# Acceleration of elevator and force in cable

1. Dec 17, 2015

### Wilson123

1. The problem statement, all variables and given/known data

Mass of elevator = 500kg
Counterweight = 134kg
Force in cable C1 is 1.2kn

Determine the acceleration of the elevator and the force in cable C2

2. Relevant equations

3. The attempt at a solution

a = f / m

a = (C2 - C1) / m2

a = ((m2 * g) - C1) / m2

a = ((134 * 9.81) - 1200) / 134 = 0.86m/s2

Not sure if I need to be taking the mass of the elevator into account somewhere?

2. Dec 17, 2015

### Staff: Mentor

Ignoring the elevator and motor for the moment, draw a free body diagram for the 134 kg counterweight alone. What forces are acting on it? Which ones do you know? What can you conclude about the motion of the counterweight?

3. Dec 17, 2015

### Wilson123

The counterweight has a force of 1.314kN acting downwards and 1.2 kN acting upwards. Therefore the counterweight is going down and pulling the elevator upwards?

4. Dec 17, 2015

### jbriggs444

That appears to be what OP has done already.
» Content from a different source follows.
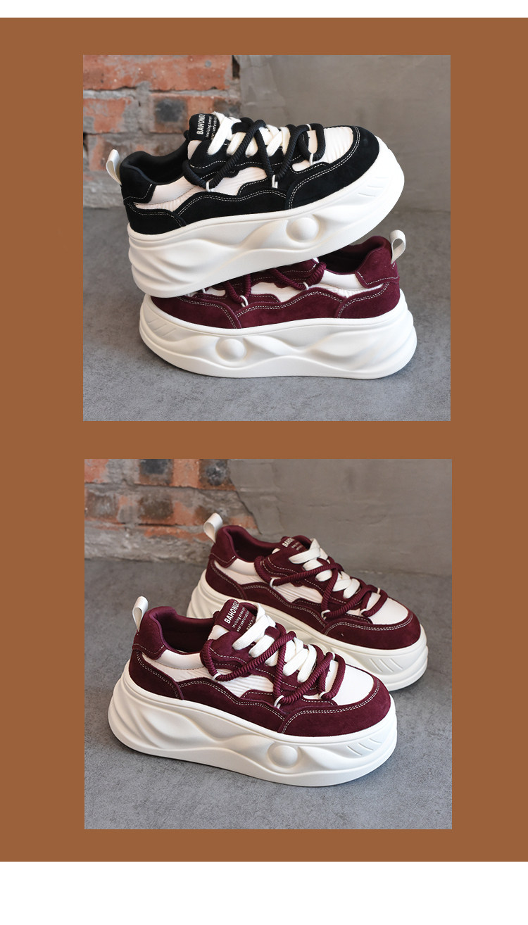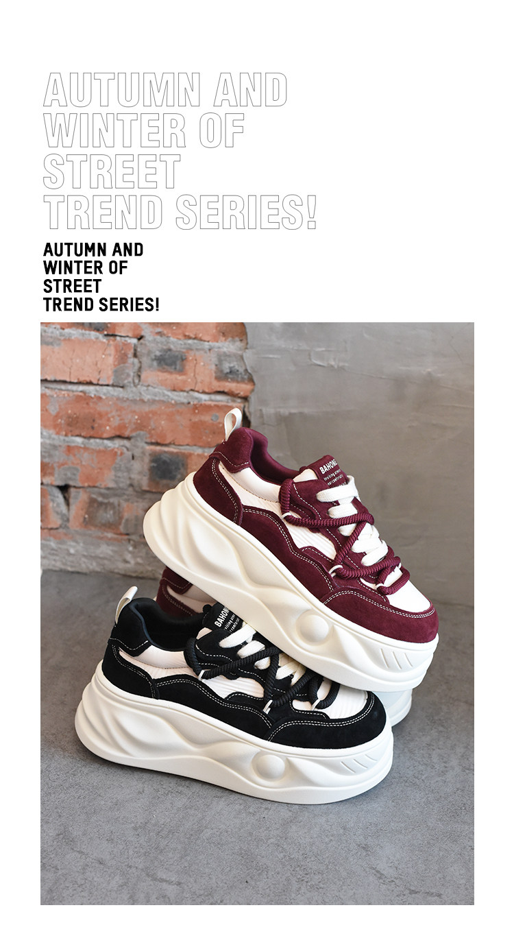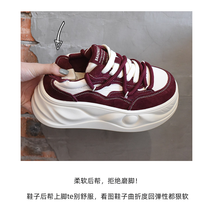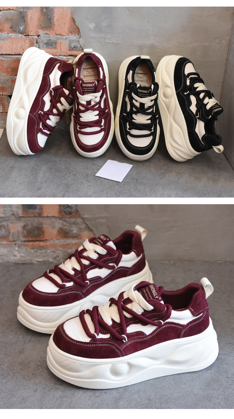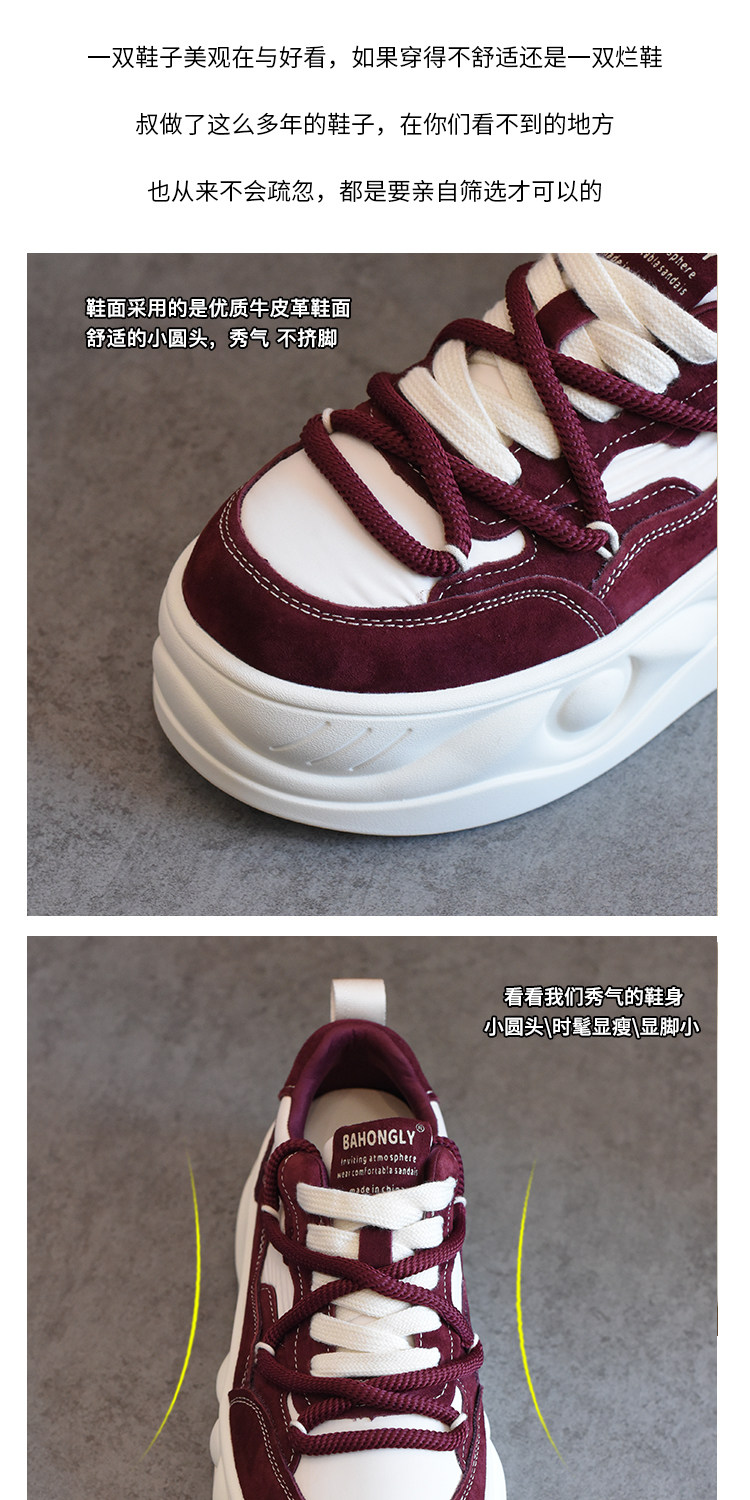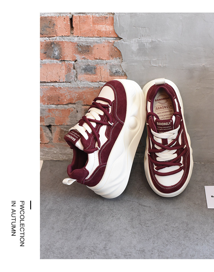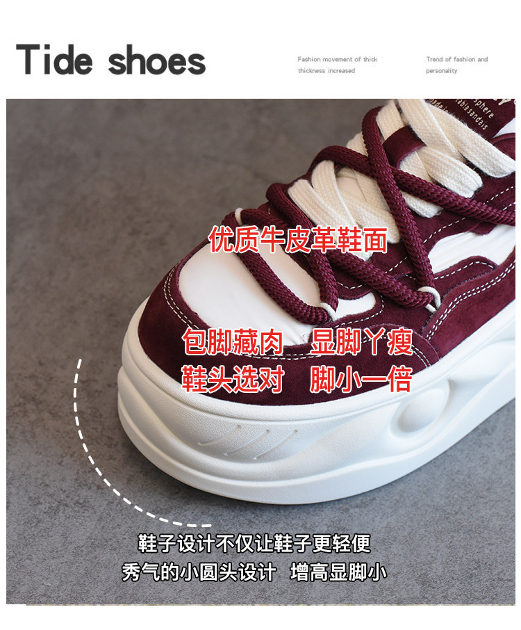 Hong Kong Style Platform Shoes for Women, Versatile Genuine Leather Platform Shoes, Popular White Shoes, Thick-Soled Height-Increasing Casual Sneakers

That takes care of the motion of the counterweight.

The next step would be to see what that implies about the motion of the elevator.

5. Dec 17, 2015

### Staff: Mentor

I saw the C2 in the acceleration equation (second line) and had my doubts as to what the OP had in mind.

6. Dec 17, 2015

### Staff: Mentor

Yes. And what's more, you can find the acceleration of the counterweight, which you actually did when you replaced the "C2" term in your equation with the weight of the counterweight. I couldn't tell if this was a fortuitous mistake or intentional... ... which is why I asked you to concentrate on the counterweight alone.

7. Dec 17, 2015

### Wilson123

I am confused now as to whether or not I have used C2 in the right application?

8. Dec 17, 2015

### Staff: Mentor

If you concentrate on the counterweight alone, C2 is nowhere in the picture. What appears in the FBD for the counterweight?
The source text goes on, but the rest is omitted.